▶ [Action item]:
Strip out the pictures and transcribe the records that follow exactly.

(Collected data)

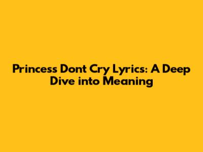 Princess Don't Cry Lyrics: A Deep Dive Into Meaning
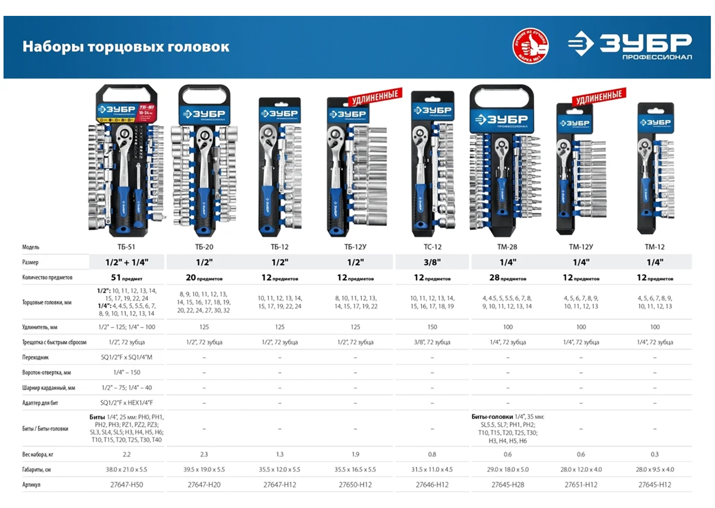 Набор торцовых головок ЗУБР Профессионал ТМ-28, 28 предметов 27645-H28_z01
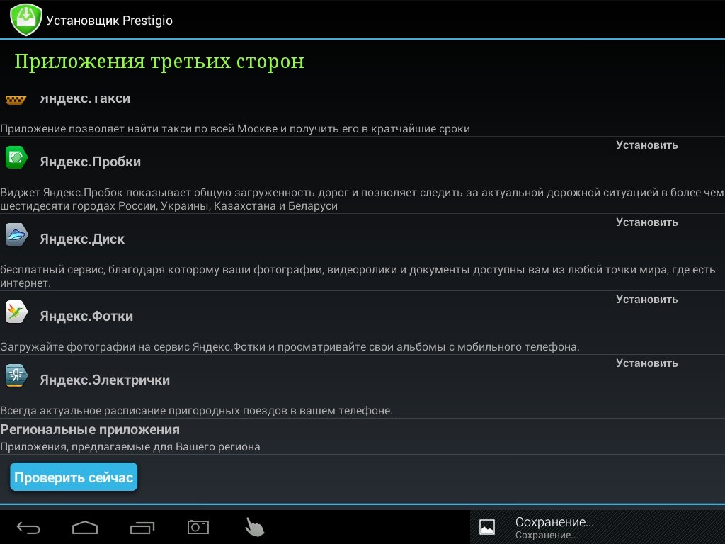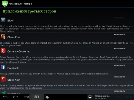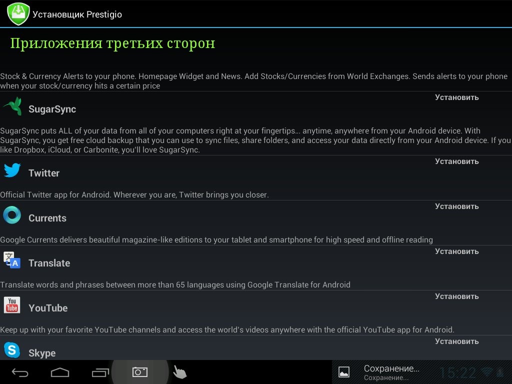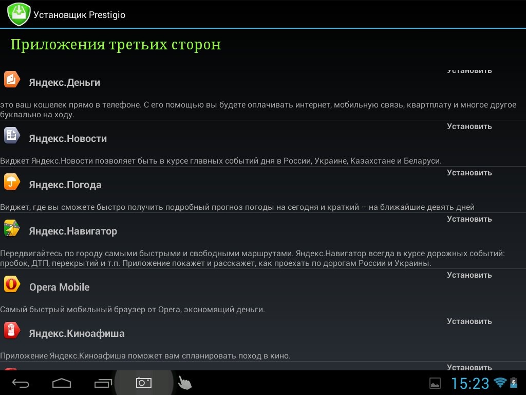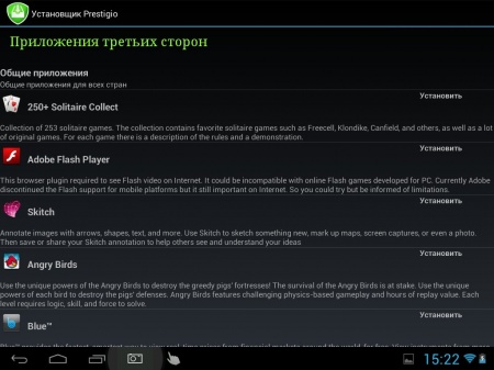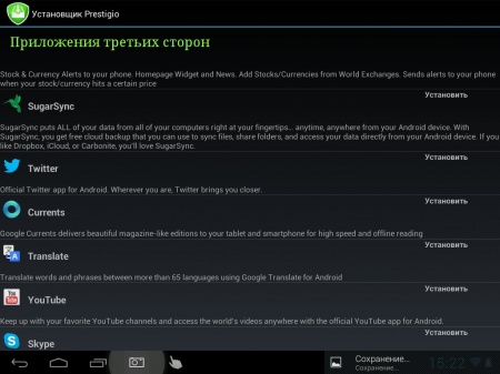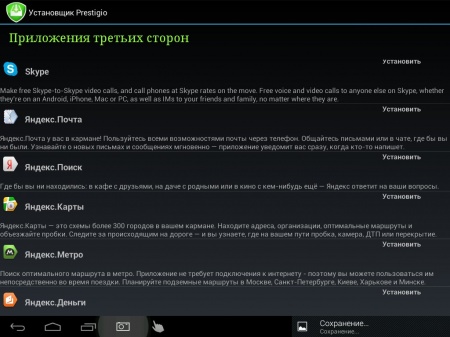 Традиционно хорошим оказался «Установщик Prestigio», в котором, помимо массы других приложений, «затерялись» клиенты Facebook, Twitter, You Tube, а также Skype, большое количество приложений/сервисов Yandex, даже браузер Opera mini плюс приложение Adobe Flash Player. Словом, задействовав весь этот пакет, я тем самым сэкономил себе немалое количество времени на установку всего этого из Google Play.
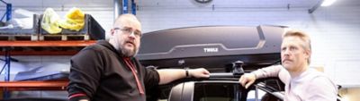 Toyota Wayn tehokaksikko Totte Raivisto ja Pekka Karvinen opastavat kädestä pitäen, kuinka suksiboksi asennetaan auton katolle.Mitä suksiboksin asentamiseen tarvitaan
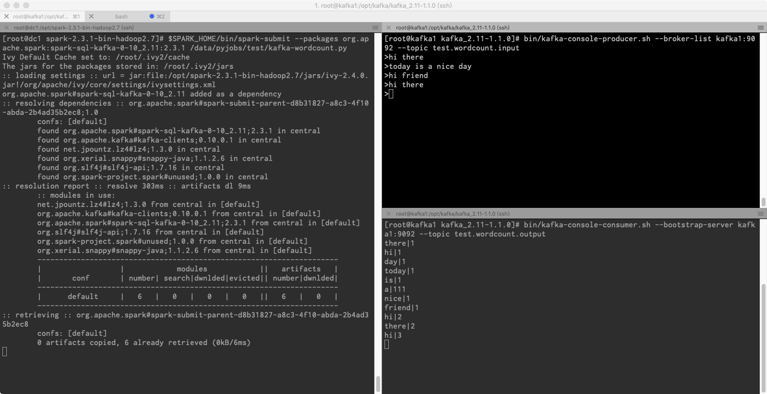 # $SPARK_HOME/bin/spark-submit --packages org.apache.spark:spark-sql-kafka-0-10_2.11:2.3.1 /data/pyjobs/test/kafka-wordcount.py
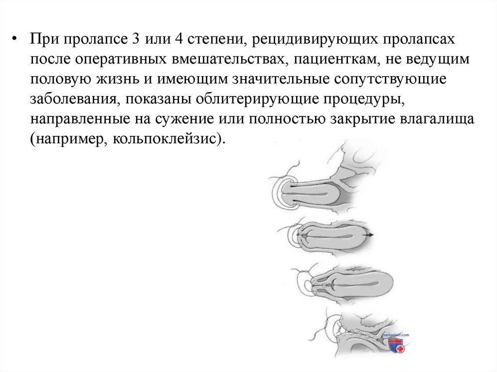 • При пролапсе 3 или 4 степени, рецидивирующих пролапсахпосле оперативных вмешательствах, пациенткам, не ведущим
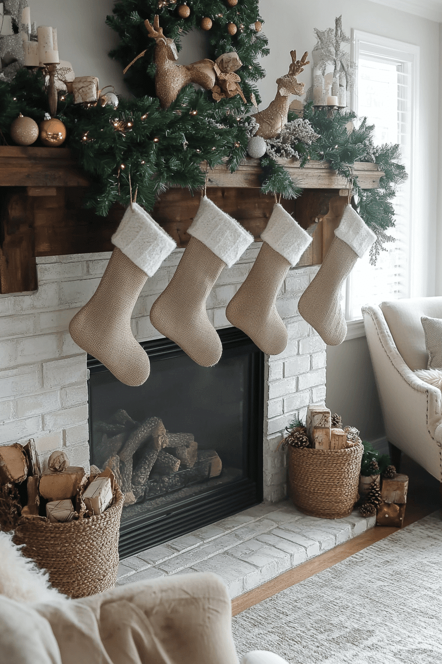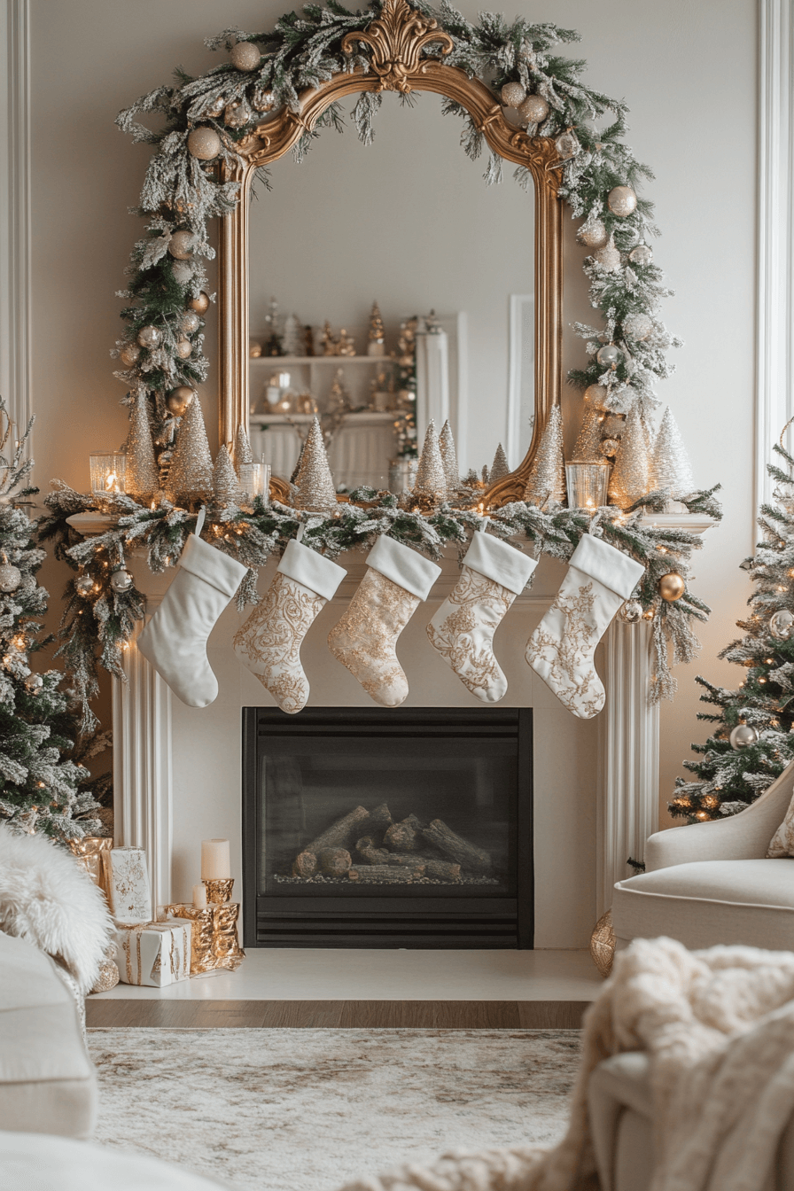 Kick off a sophisticated holiday upgrade with christmas mantel decor highlighting luxurious golds, silvers, and gentle champagne tones. Velvet stockings and shimmering crystals create depth while maintaining refined warmth. Soft lights mingle with greenery to balance glamour and comfort seamlessly. This polished style is ideal for elegant gatherings or peaceful festive evenings.
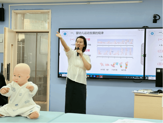 王老师将“关爱幼儿,责任担当,细心有爱”的核心理念贯穿整个教学过程。以饱满的热情和亲切的教态,为学生们传授了婴幼儿运动发展的专业知识与技能,充分展现了其深厚的专业素养和教学热情。通过线上线下混合式教学模式的巧妙运用,成功地将课前预习、课堂教学、学生讨论分享、实践活动组织、课后作业巩固及课程技能梳理等多个环节有机融合,打造了一堂生动有趣且富有成效的公开课。
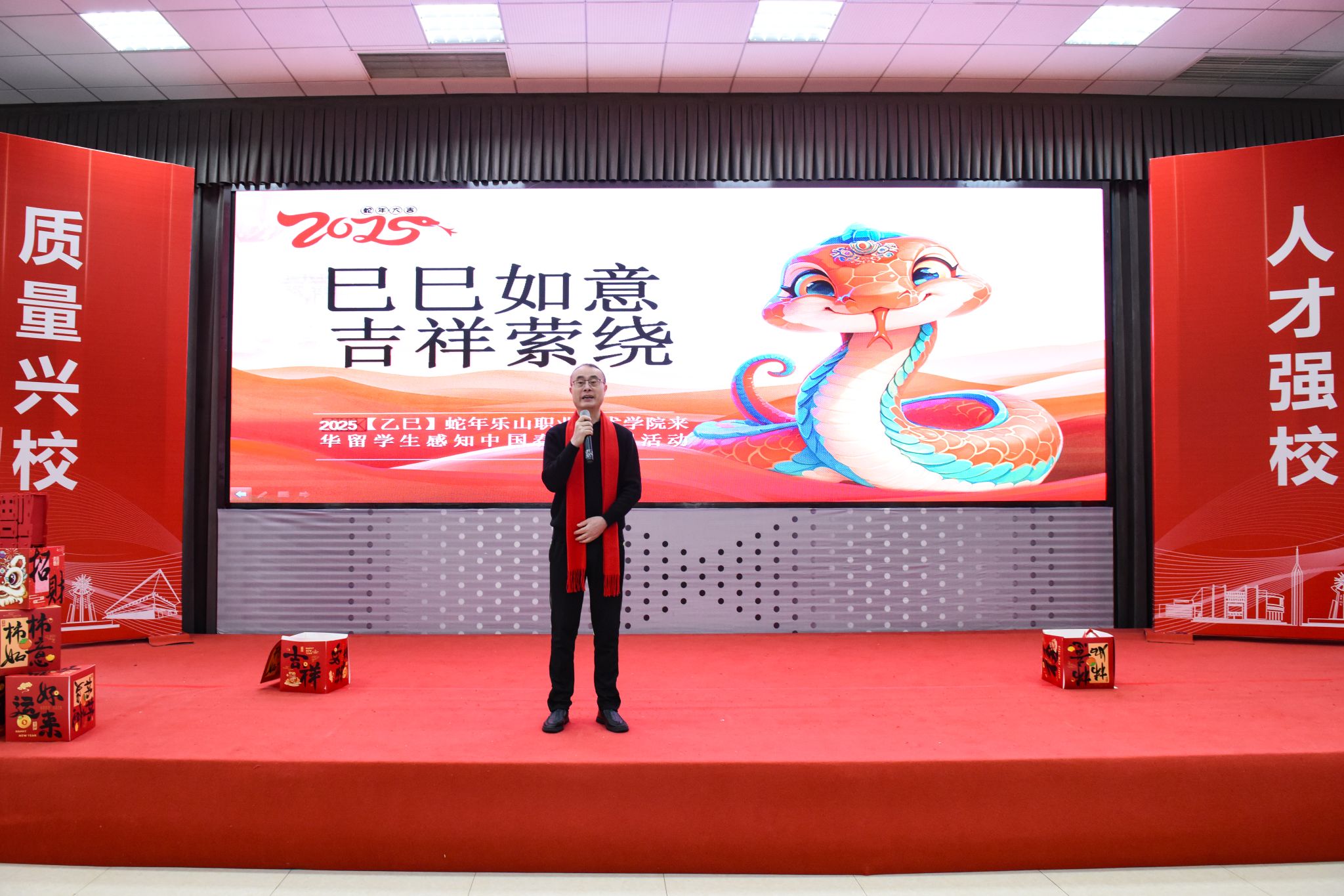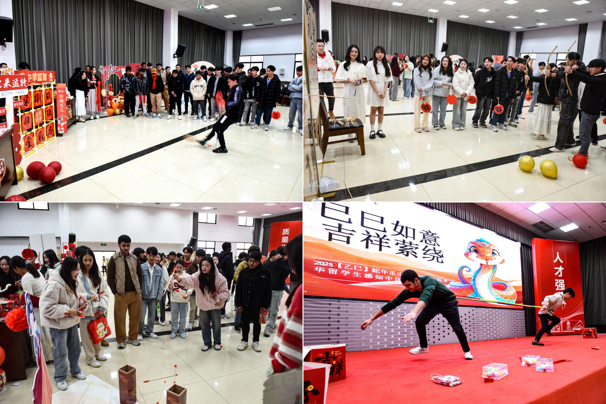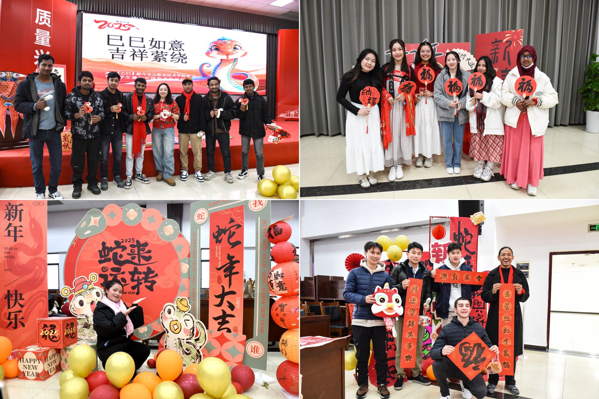 1月25日,乐山职业技术学院举行了巳巳如意 吉祥萦绕——来华留学生2025年春节感知活动,来自老挝、泰国、俄罗斯、塔吉克斯坦、吉尔吉斯斯坦、孟加拉国等国家的80余名留学生,沉浸式体验丰富多彩的传统文化,感受浓浓的中国年味。
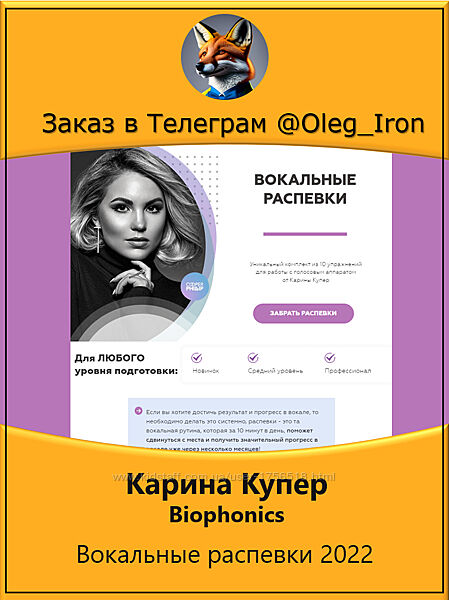 Подробное описание: Карина Купер Вокальные распевки 2022 и другие курси
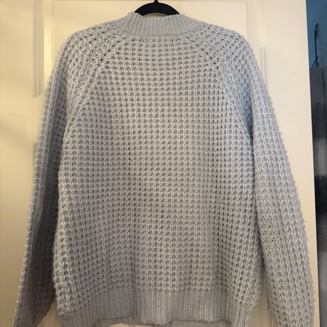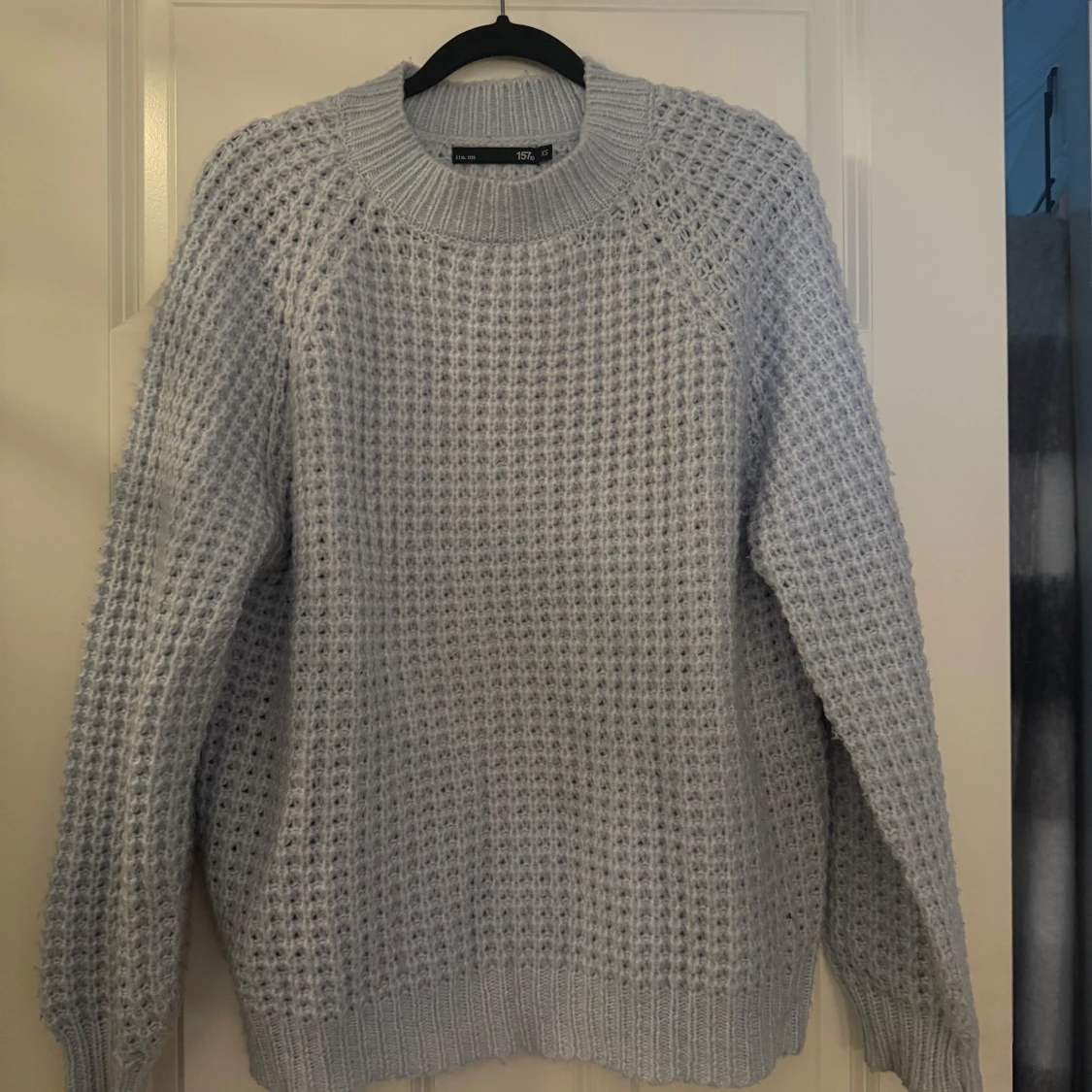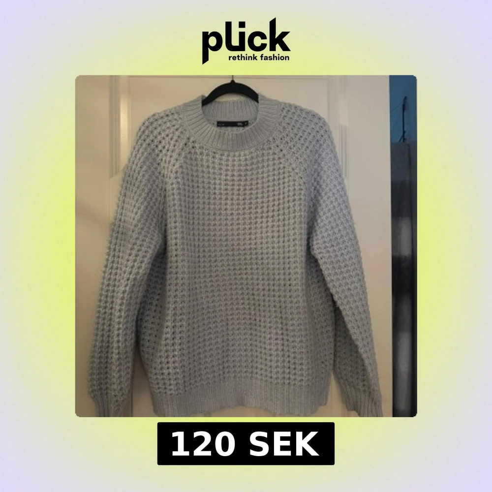 Supermysig ljusgrå stickad tröja med grovstickat mönster och rund hals. Tröjan har långa ärmar och breda ribbade muddar vid ärmslut och nederkant. Perfekt för kyliga dagar och enkel att styla till jeans eller kjol.

▶ [Expected output]:
 Princess Don't Cry Lyrics: A Deep Dive Into Meaning
 Набор торцовых головок ЗУБР Профессионал ТМ-28, 28 предметов 27645-H28_z01
 Традиционно хорошим оказался «Установщик Prestigio», в котором, помимо массы других приложений, «затерялись» клиенты Facebook, Twitter, You Tube, а также Skype, большое количество приложений/сервисов Yandex, даже браузер Opera mini плюс приложение Adobe Flash Player. Словом, задействовав весь этот пакет, я тем самым сэкономил себе немалое количество времени на установку всего этого из Google Play.
 Toyota Wayn tehokaksikko Totte Raivisto ja Pekka Karvinen opastavat kädestä pitäen, kuinka suksiboksi asennetaan auton katolle.Mitä suksiboksin asentamiseen tarvitaan
 # $SPARK_HOME/bin/spark-submit --packages org.apache.spark:spark-sql-kafka-0-10_2.11:2.3.1 /data/pyjobs/test/kafka-wordcount.py
 • При пролапсе 3 или 4 степени, рецидивирующих пролапсахпосле оперативных вмешательствах, пациенткам, не ведущим
 Kick off a sophisticated holiday upgrade with christmas mantel decor highlighting luxurious golds, silvers, and gentle champagne tones. Velvet stockings and shimmering crystals create depth while maintaining refined warmth. Soft lights mingle with greenery to balance glamour and comfort seamlessly. This polished style is ideal for elegant gatherings or peaceful festive evenings.
 王老师将“关爱幼儿,责任担当,细心有爱”的核心理念贯穿整个教学过程。以饱满的热情和亲切的教态,为学生们传授了婴幼儿运动发展的专业知识与技能,充分展现了其深厚的专业素养和教学热情。通过线上线下混合式教学模式的巧妙运用,成功地将课前预习、课堂教学、学生讨论分享、实践活动组织、课后作业巩固及课程技能梳理等多个环节有机融合,打造了一堂生动有趣且富有成效的公开课。
 1月25日,乐山职业技术学院举行了巳巳如意 吉祥萦绕——来华留学生2025年春节感知活动,来自老挝、泰国、俄罗斯、塔吉克斯坦、吉尔吉斯斯坦、孟加拉国等国家的80余名留学生,沉浸式体验丰富多彩的传统文化,感受浓浓的中国年味。
 Подробное описание: Карина Купер Вокальные распевки 2022 и другие курси
 Supermysig ljusgrå stickad tröja med grovstickat mönster och rund hals. Tröjan har långa ärmar och breda ribbade muddar vid ärmslut och nederkant. Perfekt för kyliga dagar och enkel att styla till jeans eller kjol.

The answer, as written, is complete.